Произведение «Великий страж» (страница 1 из 3)
Тип: Произведение
Раздел: По жанрам
Тематика: Сказка
Автор:
Оценка: 5
Баллы: 2
Читатели: 51
Дата:

Великий страж

– А мы точно успеем…– вопрос застрял в горле. Что делать, Филипп всегда любил уточнять и контролировать ситуацию. Отрыв от дома, бесприют, песок – куда взора хватит – всё это было далеко от того, что он мог бы контролировать, вот и надоедал он проводнику.

            Но и тот не новичок. В последнем городе, маленьком, кишащем жизнью и всё тем же песком, его рекомендовали за лучшего, так и сказали:

– Амон отведёт куда угодно, ему все тропы знакомы.

            Пришлось поверить. Впрочем, Эвану было спокойно – ему что Амон, что ранее Бравсток, что в других землях Лотар – всё едино! – лишь бы вёл, да знал где нелегче будет, чтобы остеречь. А вот Филипп нервничал. Он редко покидал свою кафедру и любой выход за пределы привычного мира был ему катастрофой, хотя, и событием.

            Амон оказался молчалив и исполнителен, вежлив, ещё и легко говорил, без акцента и тяжести перевода. Сразу видно – не зря его рекомендовали. Эван, знавший в проводниках толк, доверился ему в первый же день и шёл, слушался, покорялся, а вот Филипп нервничал.

            Всё казалось ему ужасным! И песок, который сливался с небом, и постоянное удушье от солнца, которое Амон советовал снижать каким-то кислым напитком, состав которого Эван даже не пытался узнавать, просто принимая по своему опыту дар судьбы, а вот Филипп плевался и как-то особенно подозрительно морщился…

            Но больше угнетала его необходимость ополоснуться и просто сбрызнуть водою лицо. Вода – ценный ресурс для пустыни и Амон ещё в первый день показал как именно надлежит мыться с помощью всё того же песка.

– Песок спасает от грязи, – объяснил он, – как вода.

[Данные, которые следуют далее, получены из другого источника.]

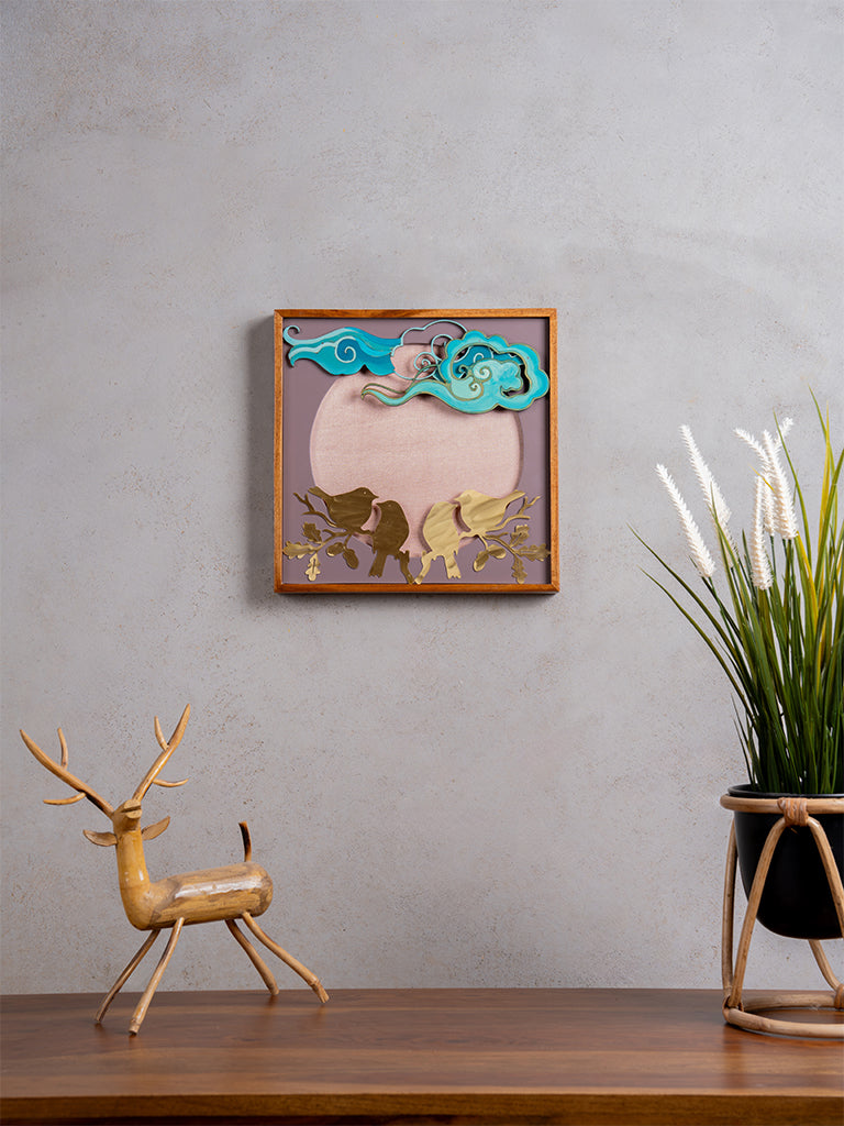 Delve in the playful metal bird composition-themed wall frame to elevate your home decor. An enchanting mashru fabric amplifies the look of the hand-cut metal objects. It is placed on MDF block. Also, fancy hand-painted brush strokes are an added element to the beauty of this frame.

            Эван принял и это, а вот Филипп всё время чувствовал себя не до конца чистым. Воротило его и от духовитой еды: вяленое мясо казалось сухим и жёстким, козье молоко жирным, а уж способы приготовления и вовсе отвращали. Нет, пережить то, что свежее молоко выливается на песок, затем сухими комочками помещается в бутылкой и разбавляется водой по необходимости – это было ещё просто. Даже сухие мучные лепешки, запеченные на углях и засыпанные, как печкой, всё тем же песком – это он ещё бы перенес. Но замутило его  от домашнего сыра, которым угостили встречные кочевники – для приготовления сыра в таких суровых условиях козий сыр взбивали в шкурах, выделанных, конечно, но в шкурах! И от этого сыр, как казалось Филиппу, пропитался особенной вонью.

– Здесь нет лампочек, – объяснял Амон, – и кастрюль со сковородами лишних не бывает. Богатство кочевника – его палатка и его стадо. Большего и не нужно. Печь и воду нам заменяет песок, посуду – выделанные шкуры. Всё остальное будет лишь тяготить, если придётся идти за водою на большие расстояния.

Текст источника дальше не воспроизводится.